Although Watts has put together a book that shows Maynard Parker at his best, sadly this is still not saying a lot. Through House Beautiful Parker photographed a number of Frank Lloyd Wright projects and some of Edward Durell Stone’s work. But even the most avid Wright fan would be hard pressed to conjure up a single one of these images. Maynard Parker was clearly a hard-working, prolific, successful and very good photographer, just not a great one.

 

The three pillars of midcentury architectural photography were Ken Hedrick in Chicago, Julius Shulman in Los Angeles, and Ezra Stoller working out of New York. They are not equal, though. It is no exaggeration to say Ezra Stoller is the father of modern architectural photography.

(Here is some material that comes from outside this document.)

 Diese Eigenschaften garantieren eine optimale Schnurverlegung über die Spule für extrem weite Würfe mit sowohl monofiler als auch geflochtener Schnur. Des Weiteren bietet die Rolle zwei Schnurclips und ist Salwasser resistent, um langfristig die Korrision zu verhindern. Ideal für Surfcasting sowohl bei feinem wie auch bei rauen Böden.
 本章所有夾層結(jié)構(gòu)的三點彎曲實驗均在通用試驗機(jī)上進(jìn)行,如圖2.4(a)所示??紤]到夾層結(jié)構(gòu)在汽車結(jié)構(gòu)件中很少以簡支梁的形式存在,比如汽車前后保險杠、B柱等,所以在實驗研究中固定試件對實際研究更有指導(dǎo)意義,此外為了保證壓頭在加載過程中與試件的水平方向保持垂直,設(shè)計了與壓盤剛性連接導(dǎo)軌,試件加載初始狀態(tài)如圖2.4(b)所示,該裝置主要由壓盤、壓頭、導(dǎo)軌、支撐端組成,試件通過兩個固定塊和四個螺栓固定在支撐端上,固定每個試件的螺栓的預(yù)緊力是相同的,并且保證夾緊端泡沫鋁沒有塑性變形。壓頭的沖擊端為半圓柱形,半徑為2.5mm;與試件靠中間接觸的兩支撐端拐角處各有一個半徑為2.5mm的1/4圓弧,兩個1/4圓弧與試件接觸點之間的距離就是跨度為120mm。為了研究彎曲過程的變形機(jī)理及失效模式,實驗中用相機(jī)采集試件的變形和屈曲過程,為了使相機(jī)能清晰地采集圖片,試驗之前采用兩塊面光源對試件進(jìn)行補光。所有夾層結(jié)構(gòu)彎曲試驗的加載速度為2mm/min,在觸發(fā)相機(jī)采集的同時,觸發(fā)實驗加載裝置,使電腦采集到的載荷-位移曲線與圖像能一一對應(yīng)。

Stoller’s compositional aesthetic and technical mastery place him in the 20th century photographic pantheon with the likes of Ansel Adams, Berenice Abbott, and Edward Weston—this despite his being an editorial photographer who never aspired to be a fine art photographer.

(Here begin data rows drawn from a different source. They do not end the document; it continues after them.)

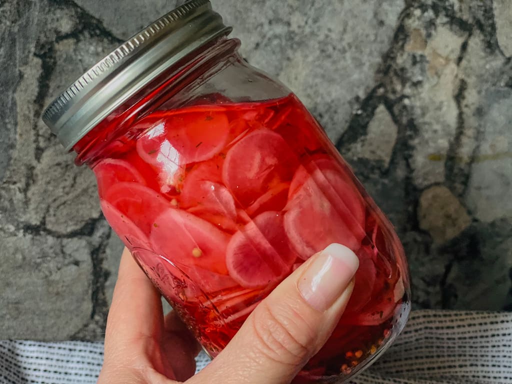 Ihr Lieben, diese kleinen Radieschen haben es mir richtig angetan. Sie sind auch eingelegt super knackig und lecker. Kann ich Euch nur empfehlen.
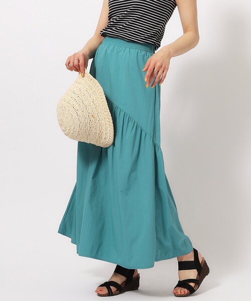 大人のボリュームシルエットを叶えたティアードスカート 【デザイン】 大胆にボリュームを持たせたフレアシルエットが目を惹くティアードスカート。 独特なカーブを描く切り替えラインで、表情にさり気ないアクセントをプラスしています。 ウエストはぐるり1周ゴムを通しているので快適な穿き心地。 コーディネートが一気に華やぎ、歩くたびに揺れる裾まわりがエレガントな印象です。 ※ポケットなし 【スタイリング】 キレイめにもカジュアルにも着こなせるティアードスカートです。 サマーニット合わせで大人っぽく上品なオフィススタイルに! Tシャツ合わせでフェミニンで可愛いカジュアルスタイルに! 幅広く着こなしていただけます♪ 春から秋へのロングシーズン着ていただけるアイテムです。 【素材】 さらりとした肌触りのマットな素材。 柔らかく動きの出る軽い素材。 ※裏地あり ※照明の関係により、実際よりも色味が違って見える場合があります。また、パソコン・スマートフォンなどの環境により、若干製品と画像のカラーが異なる場合もございます。 モデル情報:身長163cm B81 W59 H88 着用サイズ:02(M) 店舗へのお問い合わせ商品番号:741-78012 ●製品寸法: 02(M):W62~76cm H96cm 総丈88cm 03(L):W65~79cm H104cm 総丈90cm 04(LL):W68~82cm H112cm 総丈92cm 備考:
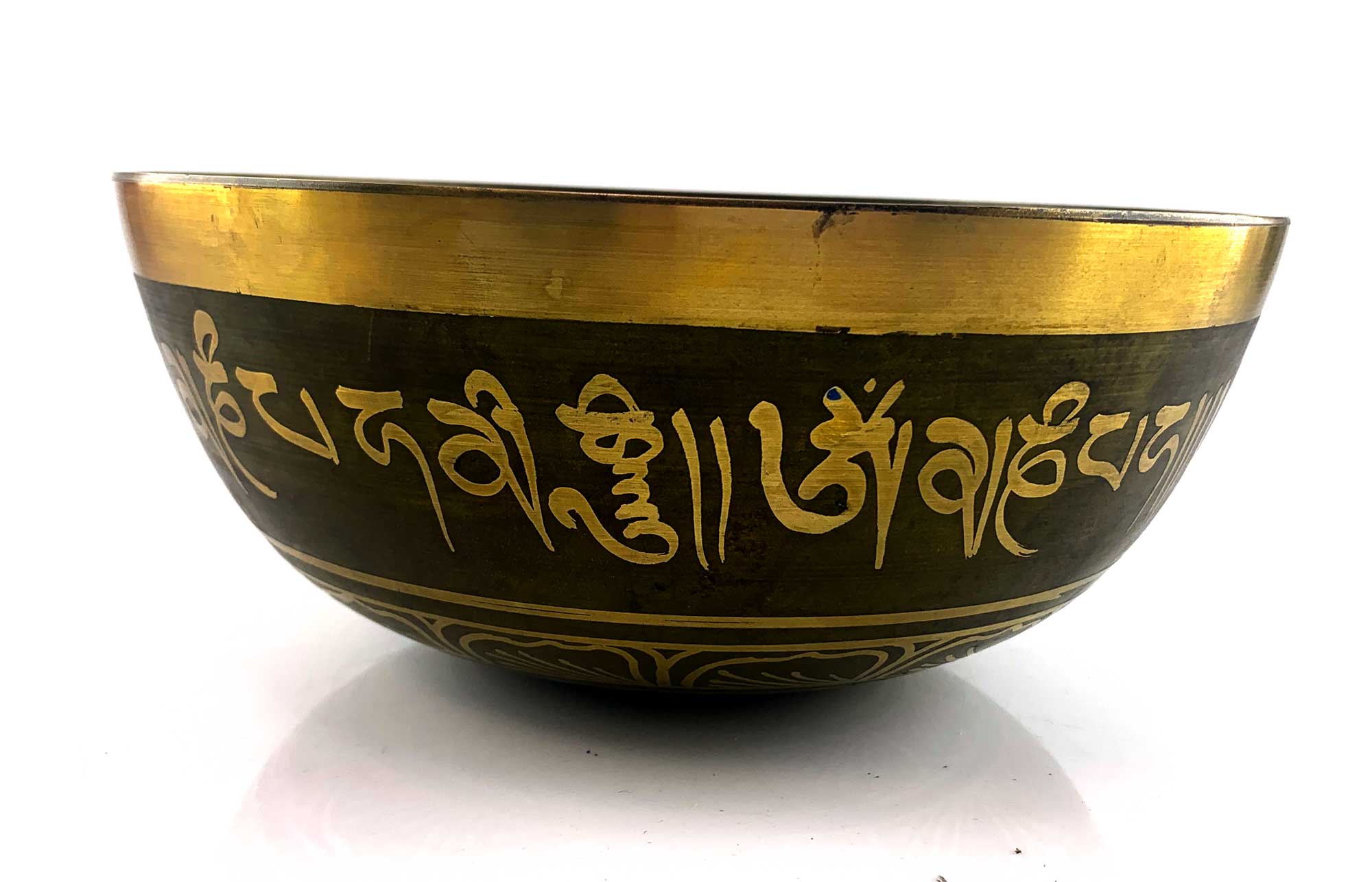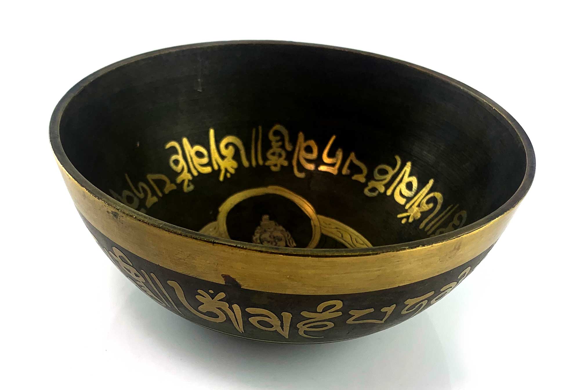 Представляем вам уникальную поющую чашу в темно-оливковом цвете, украшенную изображением Будды и таинственными надписями на Санскрите, выполненными золотистым цветом. Эта чаша представляет собой великолепный образец древних ремесел и духовной глубины.

Ezra Stoller Photographer, edited by Nina Rappaport and Erica Stoller, the photographer’s daughter and the owner of the Esto Photographics agency and archive, is a beautiful compilation of one iconic image after another that Ezra Stoller created during a 40-year career. Stoller photographed most of the best midcentury architectural masterpieces and created truly memorable images. When we think of either Saarinen’s TWA terminal, Wright’s Falling Water and the Guggenheim Museum, Philip Johnson’s Glass House, or Louis Kahn’s Salk Institute, we invariably think of these buildings as an Ezra Stoller image.

And for many great buildings, Stoller’s images are all that is left, thereby becoming the last word. Examples include Wright’s Johnson Wax Tower and headquarters, Morris Lappidus’ Americana Hotel, and the New York State pavilion from the 1964 World’s Fair. Stoller’s photographic style of simple, clean, graphic compositions was a perfect complement to the clean-lined and unadorned simplicity of modern architecture. Oft times Stoller could summarize a building in one shot encompassing all its essential elements.

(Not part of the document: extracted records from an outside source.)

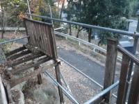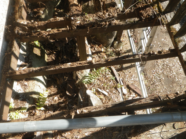 南面デッキの改修は、桃パーゴラ下の東端の段から。
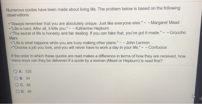Solved Numerous Quotes Have Been Made About Living Life Chegg Com
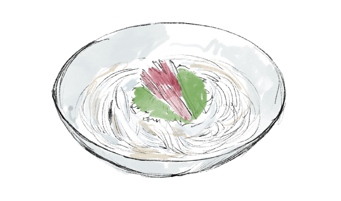 6月から8月頃に旬を迎える夏みょうが。淡白な味わいのそうめんにみょうがを合わせると、華やかな色と独特の香りが添えられて、味だけでなく視覚や嗅覚でも楽しめます。みょうがは色つやがよく、丸みがあって、身がしまっているものを選んでください。
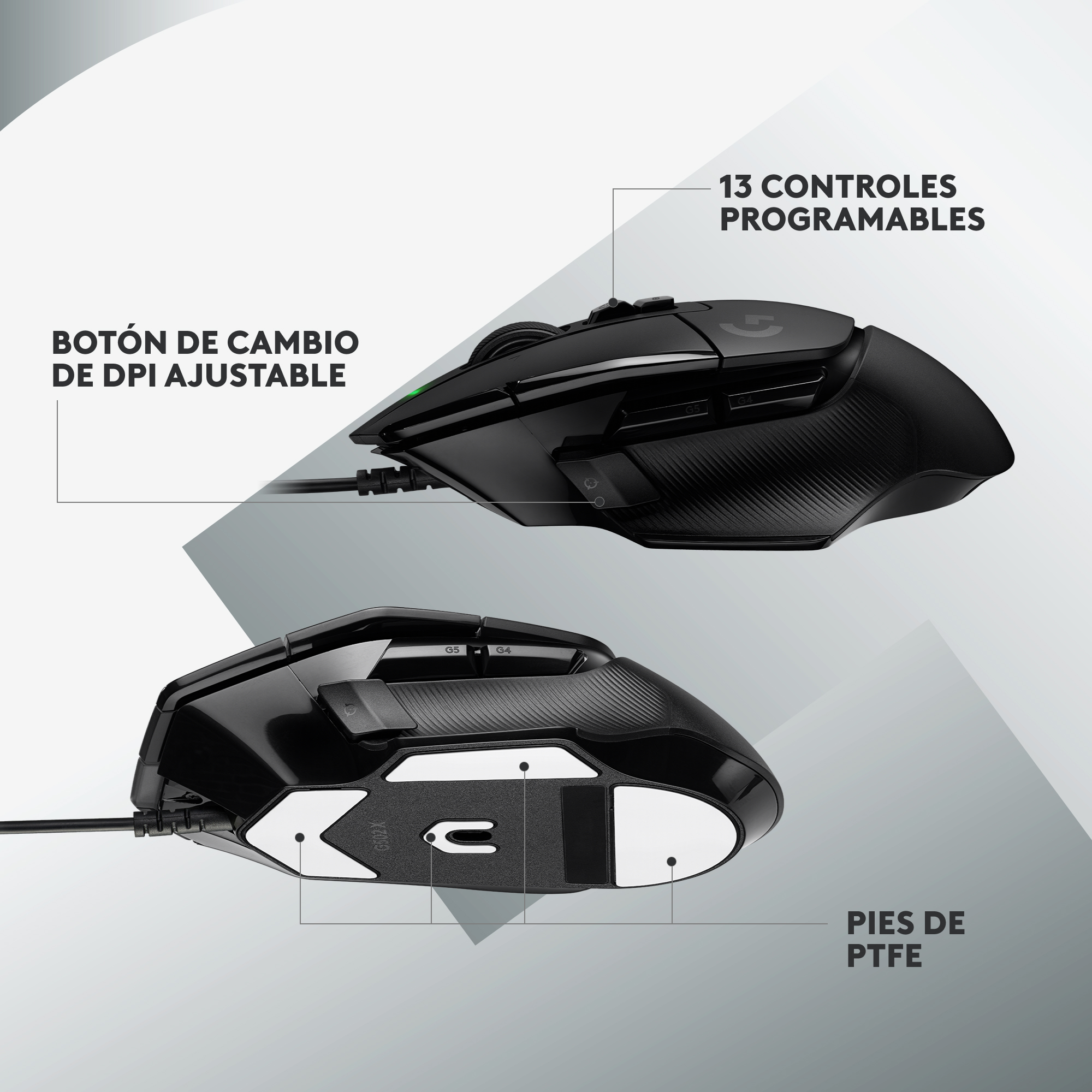 «G502 X, esta versión del mouse para gaming más popular de Logitech, combina un legado de rendimiento con tecnologías gaming de calidad. G502 X también introduce interruptores híbridos óptico-mecánicos LIGHTFORCE para los botones primarios izquierdo y derecho. Con sensor submicrónico HERO 25K, botón de cambio de DPI reversible y extraíble, rueda de desplazamiento rediseñada con una doble modalidad de línea por línea rápida y precisa, diseño ligero con un grosor fino.
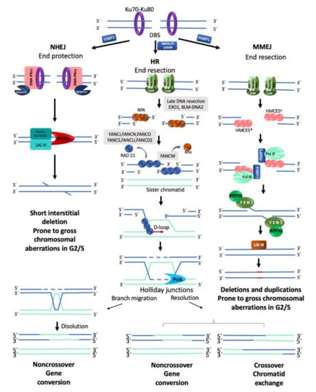 Major mechanisms of double-strand break repair. NHEJ, Non-Homologous End Joining. DNA ends are protected by KU70/KU80, which prevents their end-processing. When the ends are incompatible, a segment of up to four nucleotides is detected, Artemis eliminates the remaining incompatible segments and ligation is carried out by LIGIV-XRCC4. This pathway can repair a DSB without chromosome modification; however, during S/G2 and in the presence of several DSBs, it is considered prone to generate chromosomal alterations. HR, Homologous Recombination. This pathway is only available during the S/G2 phases of the cell cycle since it requires a homologous template; HR is the best choice to maintain sequence fidelity because in general it repairs in an error-free manner. A ssDNA 3′ overhang is produced by the action of the MRN-CtIP complex; it is first covered by RPA proteins which are later replaced by RAD51 to form the nucleoprotein strand that will carry out the invasion of the DNA of the sister chromatid in order to use it as a template to restore the continuity of the original nucleotide sequence. MMEJ, Microhomology-Mediated End Joining. PARP1 prevents KU70/KU80 binding to DNA ends and allows the recruitment of MRN-CtIP to initiate end-resection, creating a short 3′ overhang. This overhang is preferentially covered by HMCES which channels the damage to be repaired by MMEJ instead of HR. PARP1-POLQ search for microhomology of 2–20 bp and align the strands. The resulting flaps are eliminated by XPF/FANCQ-FEN1. Alternatively, POLQ can direct DNA synthesis to add nucleotides to make DNA ends compatible; this end processing generates in situ deletions and duplications. In addition, if this pathway is active during S/G2, and several DSBs coincide in time and space, gross chromosomal aberrations are formed because, similar to NHEJ, they do not require long stretches of homology to ligate the DNA ends [23,26]. * RPA or HMCES (5-hydroxymethylcytosine binding, embryonic stem cell-specific protein) [26,28].

It is not a stretch to say that some of the projects Stoller photographed are considered great architecture merely from the credibility Stoller’s images bestowed upon them. The Parking Garage in Miami, by Robert Law Weed, is a good example, showing each car carefully positioned without hindering the graceful floating effect of the stacked decking. This was truly “form following function.” Still, the structure was also just a parking garage. Yet Stoller’s image forces the viewer to appreciate it as a functional work of art. It is no surprise that Stoller accumulated a client list of the best modernist practices and firms throughout the country. In addition to those already named, Stoller shot extensively for Skidmore Owings and Merrill, Mies van der Rohe, Paul Rudolph, Marcel Breuer, and I.M. Pei.

Erica Stoller gives us just enough background detail about her father’s education (NYU architecture and industrial design), unlimited energy, and thoroughness in understanding his subject that we can better appreciate the creative source of the images. She shares how her father would not only scout a building for the best time of day to shoot but sometimes hold off until the right time of year. She then steps aside and lets the images speak for themselves.

Nina Rappaport, meanwhile, writes extensively about Stoller’s under-appreciated industrial images. Fortunately, many pages are dedicated to showing off his great catalogue of, once again, beautifully composed and technically near-perfect images. Stoller’s industrial images are the hidden treasure of his vast career catalogue. In his industrial imagery, as in his architectural images, the Stoller style is ever-present. Simple compositions are often dramatically lit, but not overly lit, to bring out the beauty of the subject, be it a pharmaceutical manufacturing plant, paper plant, or hydroelectric dam. It is some of these detailed images that have the fine art quality of an Edward Weston photo.

Overall, Stoller’s work was a perfect blend of compositional artistry, technical know-how, and patience. For someone who was simply documenting others’ work, Stoller blurred the line between the architect’s art and his own.